INSTRUCTIONS TO FOLLOW:
Extract the lines up to and including the one that contains "特別說明:(1)本次招租房屋", starting with the first line of the entries below, and omit the pictures.

---*---

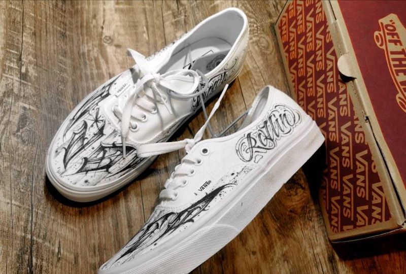 vans 手绘花体帆布鞋纹身图片_花体字纹身图案
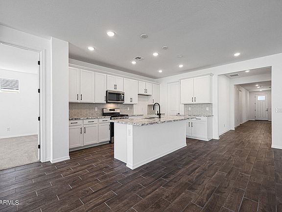 This beautifully upgraded homes comes with four bedrooms all featuring spacious walk-in closets as well as a multipurpose flex room. Upgrades include wood-look tile in all the common areas with upgraded carpet in bedrooms. Custom kitchen backsplash with granite countertops and stainless-steel appliances. White shaker cabinets and matte black hardware complete the updated design.
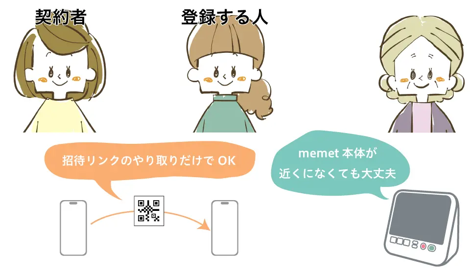 遠隔で memet アプリに本体を登録するmemet アプリに memet 本体を登録し、通話できるようにします。memet 本体が側にない状況で、契約者から招待してもらったリンクから登録をします。1. 契約者:招待リンクを送る2. 登録する人:招待リンクから memet アプリに本体を登録する
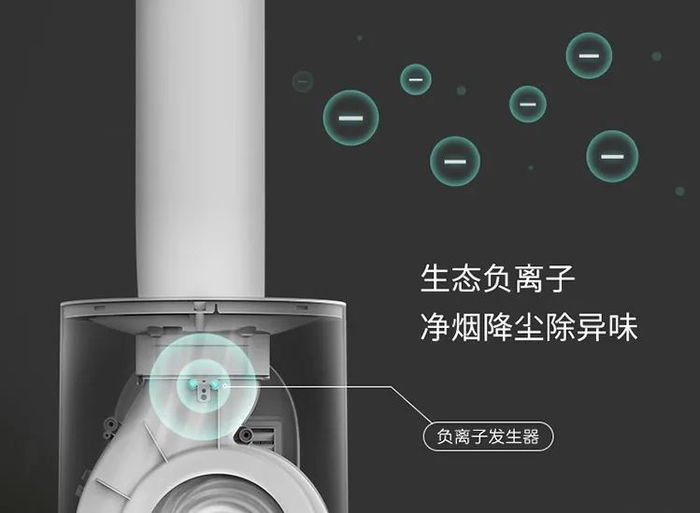 为解决这个问题,科西无叶扇在内部增加了一个负离子发生器。
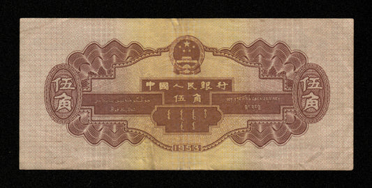 CHINE - Peoples Bank of China - 5 Jiao 1953 Pick 865 B / Good
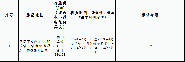 特別說明:(1)本次招租房屋涉及電表,水表、燃氣等需中標人或直接委托人自費自行開戶(包括材料及施工費用),房屋以現(xiàn)狀出租,涉及一切維修改造工程產生的費用(包括但不限于房屋漏水、玻璃破損等)均由中標人自行承擔,消防報建及其它審批手續(xù)中標人自行辦理。
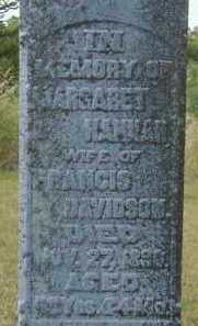 Margaret Hannah Richmond was born in 1839 at Cramahe Twp., Northumberland Co., Upper Canada; Date 1841 & location Ont. per 1891 Census. Date 1841 & location Ont. per 1881 Census. Date 1841 & location Ont. per 1871 Census. Date 1840 & location UC per 1861 Census. Date 1839 & location Cda. per 1851 Census.3,4,5,6,7 She appeared on the census of March 1852 at Brighton Twp., Northumberland Co., Canada West; Age 12 at 1851 Census: see David Richmond.8 As of before 1860,her married name was Davidson. She married Francis Davidson, son of William Davidson and Elizabeth Ann Hill, before 1860 at Northumberland Co., Canada West; "William Davidson. The Children and Grandchildren: II. Francis Davidson, m. Margaret Richmond; set. Brighton. Issue: (1) Lizzie, (2) Ida, and (3) David R." from "Pioneer Life on the Bay of Quinte", pg. 267. per marriage reg'n. of daugher Ida V. (Davidson) Ireland.9,10 Margaret Hannah Richmond appeared on the census of April 1861 at Brighton Twp., Northumberland Co., Canada West; Age 21 at 1861 Census: see Francis Davidson.4 She appeared on the census of April 1871 at Brighton Twp., Northumberland Co., Ontario; Age 30 at 1871 Census: see Francis Davidson.5 She appeared on the census of April 1881 at Brighton Twp., Northumberland Co., Ontario; Age 40 at 1881 Census: see Francis Davidson.6 She appeared on the census of 8 April 1891 at Brighton Twp., Northumberland Co., Ontario; Age 50 at 1891 Census: see Francis Davidson.7 She lived on 20 July 1891 at Conc 3 Lot 25, Brighton Twp., Northumberland Co., Ontario; Land Registry Records (Will 5290) show that the Will of David J. Richmond granted his one third interest in the south half of lot 25, conc 3, Murray Twp. to his daughter, Margaret H. Davidson. ITS Date: Apr 2 1891. Reg'n. Date: Jul 20 1891. (Ontario Land Registry Records, Northumberland Co., Brighton Twp., Conc 3, Lot 25, pg 215 of 320, pg 1, copied from OnLand.ca by Dan, Apr 12 2020.)11 She lived on 27 September 1894 at Conc 3 Lot 25, Brighton Twp., Northumberland Co., Ontario; Land Registry Records (Grant of Quit Claim 5421) show that Margaret H. Davidson & Francis Davidson granted a quit claim on 100 acres in the south half of lot 25, conc 3, Murray Twp. to George S. Miller for $1,400. ITS Date: Sep 27 1894. Reg'n. Date: Sep 28 1894. (Ontario Land Registry Records, Northumberland Co., Brighton Twp., Conc 3, Lot 25, pg 216 of 320, pg 1, copied from OnLand.ca by Dan, Apr 12 2020.)11 She died on 27 November 1896 at Brighton Twp., Northumberland Co., Ontario; Death Reg'n.#014061: Name: Margaret Hannah Davidson; Date: Nov 27 1896; Age: 56y; Occ.: house wife; Born: Brighton Twp; Cause: heart failure, 3m; Phys. & Inf.: C.M. Sanford, Brighton; Reg'd.: Nov 27 1896; Rel.: Pres; Reg'r.: D. Crouter, Brighton Twp. (Ontario Death Registration, #014061-1896, ancestry.ca.)12 She was buried on 29 November 1896 at Carman Cemetery, Brighton Twp., Carman, Northumberland Co., Ontario; Memorial: (see Exhibit) Margaret; Hannah; wife of; Francis; Davidson; Died; Nov. 27 1896; Aged; 57 Yr's & 4 Mo's (Carman Cemetery, Brighton Twp., imagve from Cdn. Headstones, 2022 10 12.)13

---*---

TASK ANSWER:
 vans 手绘花体帆布鞋纹身图片_花体字纹身图案
 This beautifully upgraded homes comes with four bedrooms all featuring spacious walk-in closets as well as a multipurpose flex room. Upgrades include wood-look tile in all the common areas with upgraded carpet in bedrooms. Custom kitchen backsplash with granite countertops and stainless-steel appliances. White shaker cabinets and matte black hardware complete the updated design.
 遠隔で memet アプリに本体を登録するmemet アプリに memet 本体を登録し、通話できるようにします。memet 本体が側にない状況で、契約者から招待してもらったリンクから登録をします。1. 契約者:招待リンクを送る2. 登録する人:招待リンクから memet アプリに本体を登録する
 为解决这个问题,科西无叶扇在内部增加了一个负离子发生器。
 CHINE - Peoples Bank of China - 5 Jiao 1953 Pick 865 B / Good
 特別說明:(1)本次招租房屋涉及電表,水表、燃氣等需中標人或直接委托人自費自行開戶(包括材料及施工費用),房屋以現(xiàn)狀出租,涉及一切維修改造工程產生的費用(包括但不限于房屋漏水、玻璃破損等)均由中標人自行承擔,消防報建及其它審批手續(xù)中標人自行辦理。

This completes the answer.